Geography
- Location: Rapid City, South Dakota, United States
- Coordinates: 44°04′28″N 103°16′18″W﻿ / ﻿44.074350°N 103.271669°W

History
- Constructed: 1898
- Opened: 1933
- Closed: 1960s

Links
- Lists: Hospitals in South Dakota

= Sioux San Hospital =

The Rapid City Indian Health Service Hospital formerly known as The Sioux San Hospital is an Indian Health Service hospital located in Rapid City, South Dakota. It was built in 1898 as a boarding school for Native Americans and turned into a sanitarium in 1933.

==History==

===Boarding school===
Located in the west side of Rapid City, South Dakota, it started out as a boarding school known as the Rapid City Indian School in 1898. Members of the Sioux, Cheyenne, Shoshone, Arapaho, Crow, and Flathead tribes were forced into the government institution to be taught how to assimilate into European American culture and language.

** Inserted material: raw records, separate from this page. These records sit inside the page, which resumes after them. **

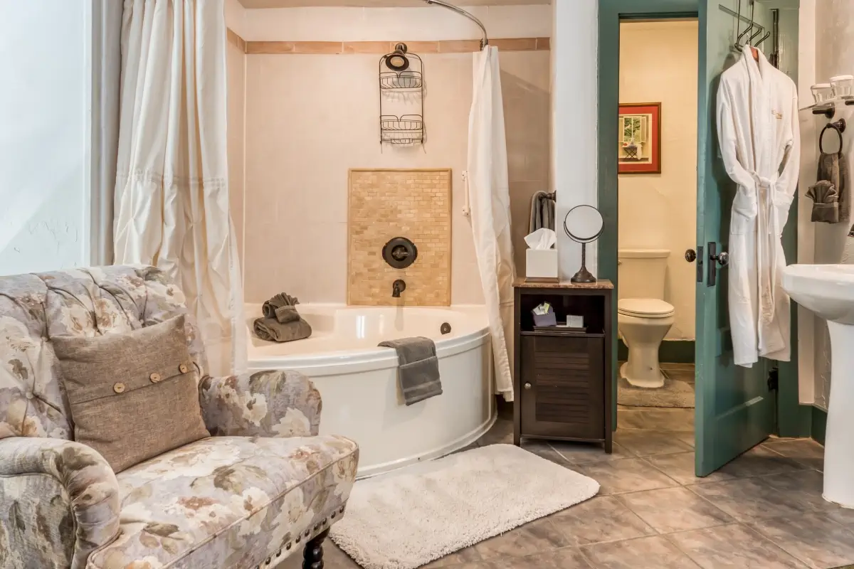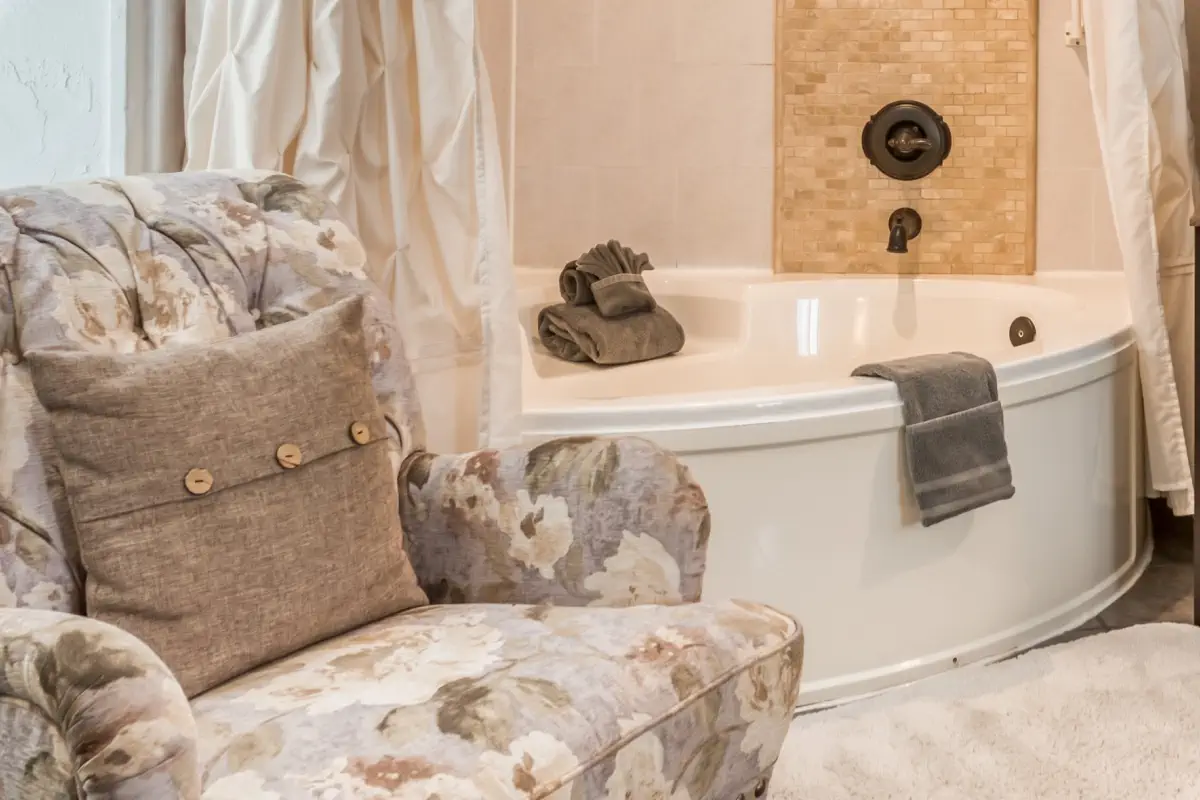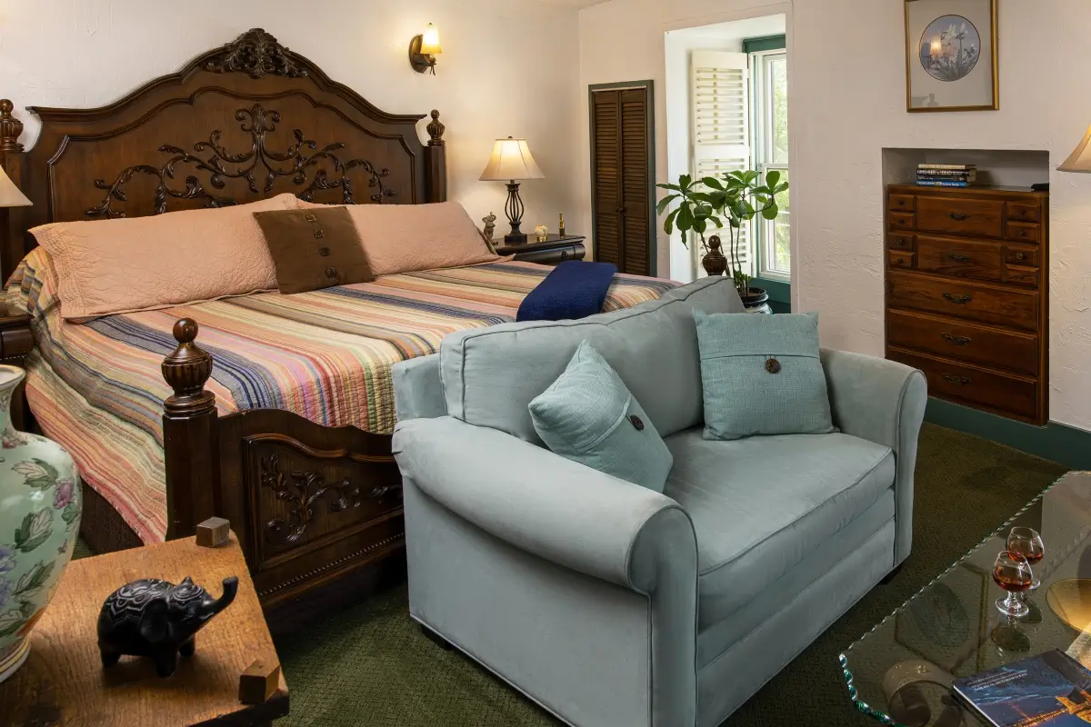 The Overlook Room welcomes you to a private third-floor sanctuary with sweeping views above the parks and rooftops of historic St. Augustine. Stretch out on a plush king-sized bed, unwind in your in-room oversized jacuzzi tub and shower, and enjoy the convenience of a refrigerator and microwave for light snacks or late-night treats. A cozy loveseat easily unfolds into a twin bed, making this room perfect for small groups or couples seeking a romantic getaway or a relaxing escape.
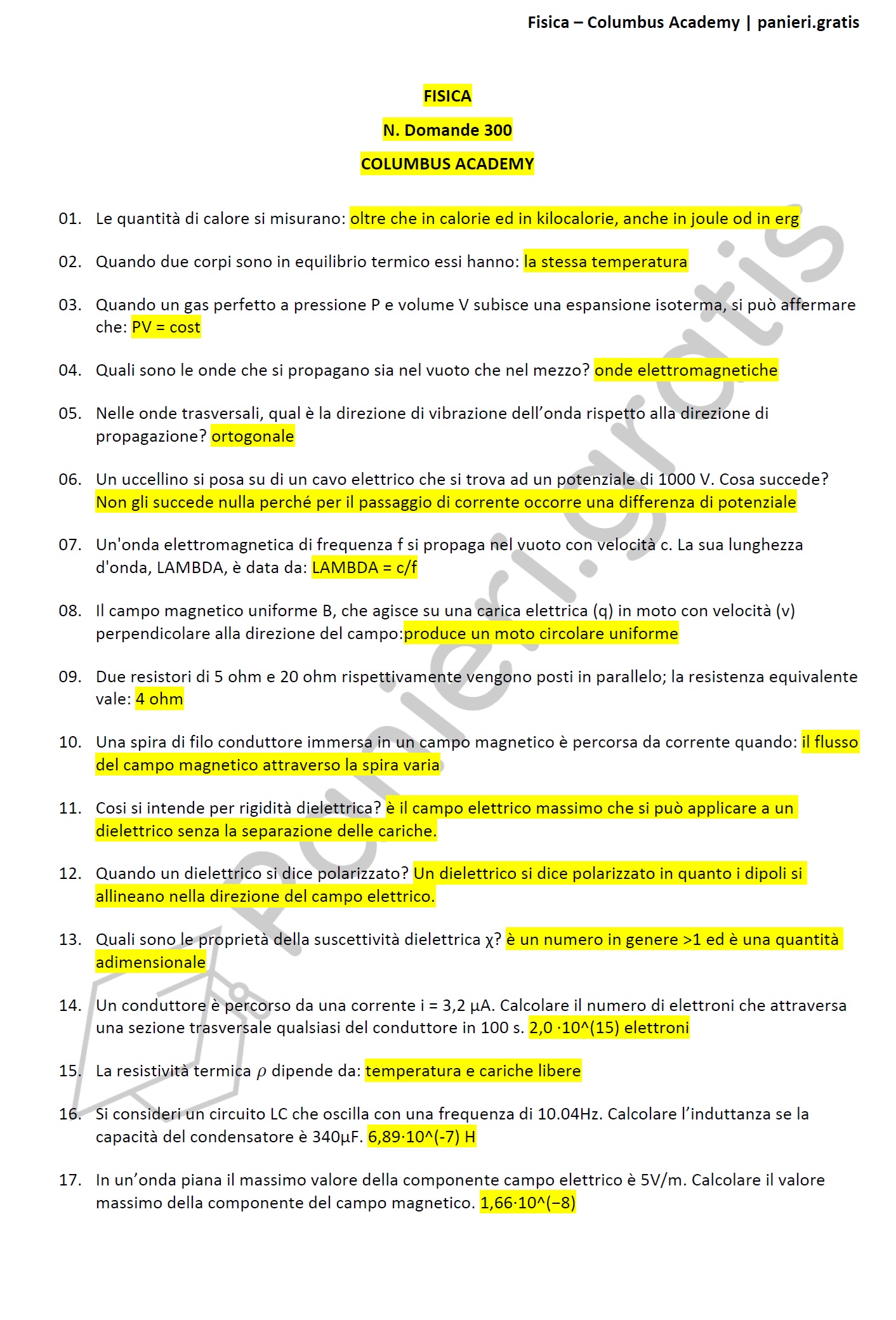 Paniere di Fisica con tutte le 300 domande per i corsi Columbus AcademyInformazioni Aggiuntive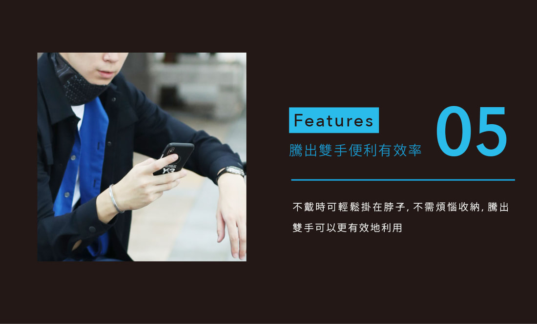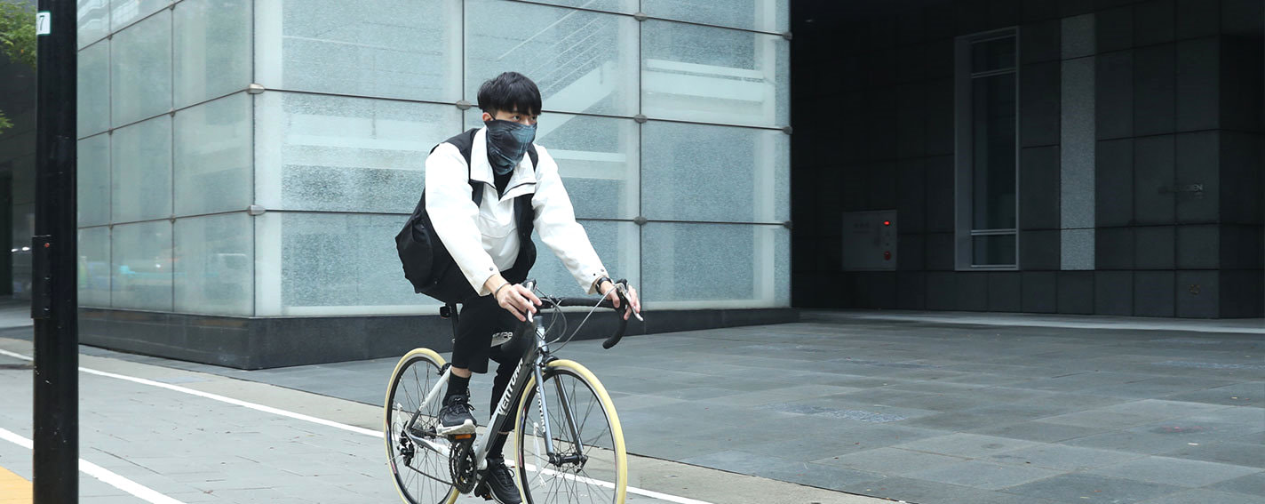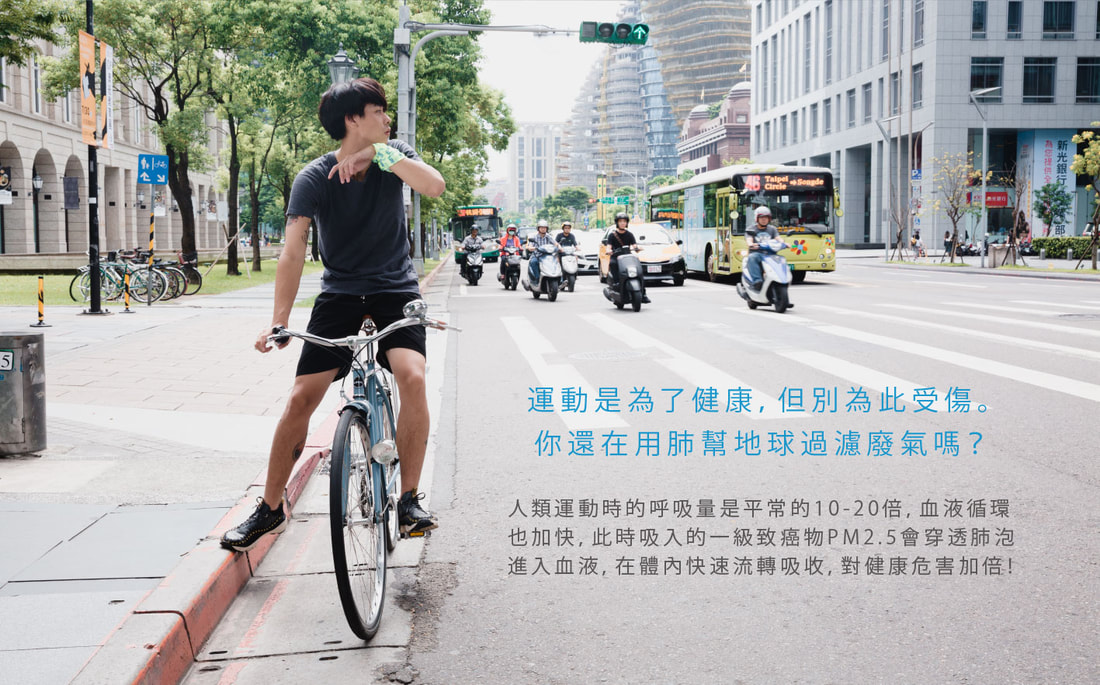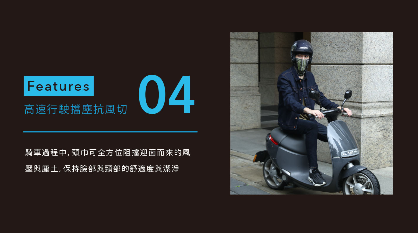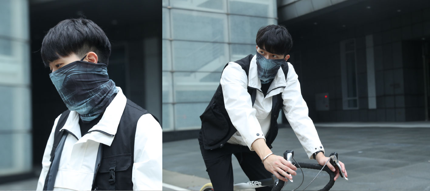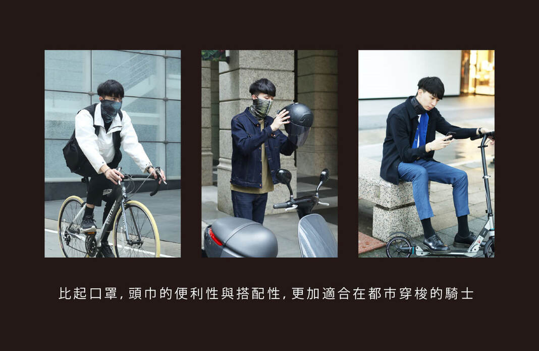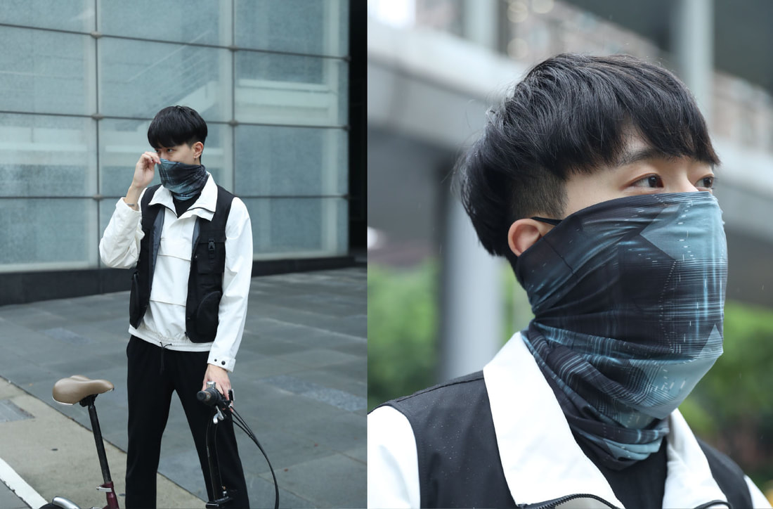 A:我們團隊中也有三鐵型的車手( 擊掌~ ),他的答案是:「這款產品只適合有氧區間使用,在攻上坡或是全力拚秒數時,進氧量是一切!任何會犧牲到進氣的都給我滾開!但在下坡及平地,尤其是市區、工業區,或剛好在卡車後面,請拉上魔術頭巾保護一下珍貴的肺。」

Abuse, neglect, and death were prominent. Runaways were caught and dragged back to the school. It was closed in 1933.

===Sanitarium===
The building remained empty for many years until the outbreak of tuberculosis in the early 1900s. The building was then converted into a massive hospital called the Sioux Sanitarium for Native American TB patients in 1939. These years were the worst in its history, as documented by Madonna Swan, a Lakota woman who was held at the sanitarium between 1944 and 1950. Unlike sanitaria for white people, which offered restorative environments and experimental treatments, Sioux San was a place where Native Americans went to die. The patients were rarely allowed outdoors, and were often served contaminated food. After the patenting of streptomycin, the hospital closed in the 1960s.

===Present state===
The building remained empty for several years. The hospital still has numerous unmarked graves around the campus, not only of the TB patients, but also of Native American children. In 1966, after Native elders and community members agitated for better treaty-guaranteed health services, the building was reopened as an Indian Health Service clinic.

In 2009, for the first time, the hospital temporarily cancelled all regular appointments due to an overload of H1N1 patients. In 2016, Congress appropriated $117 million to renovate the hospital, and plans were proceeding to demolish some of the historic buildings.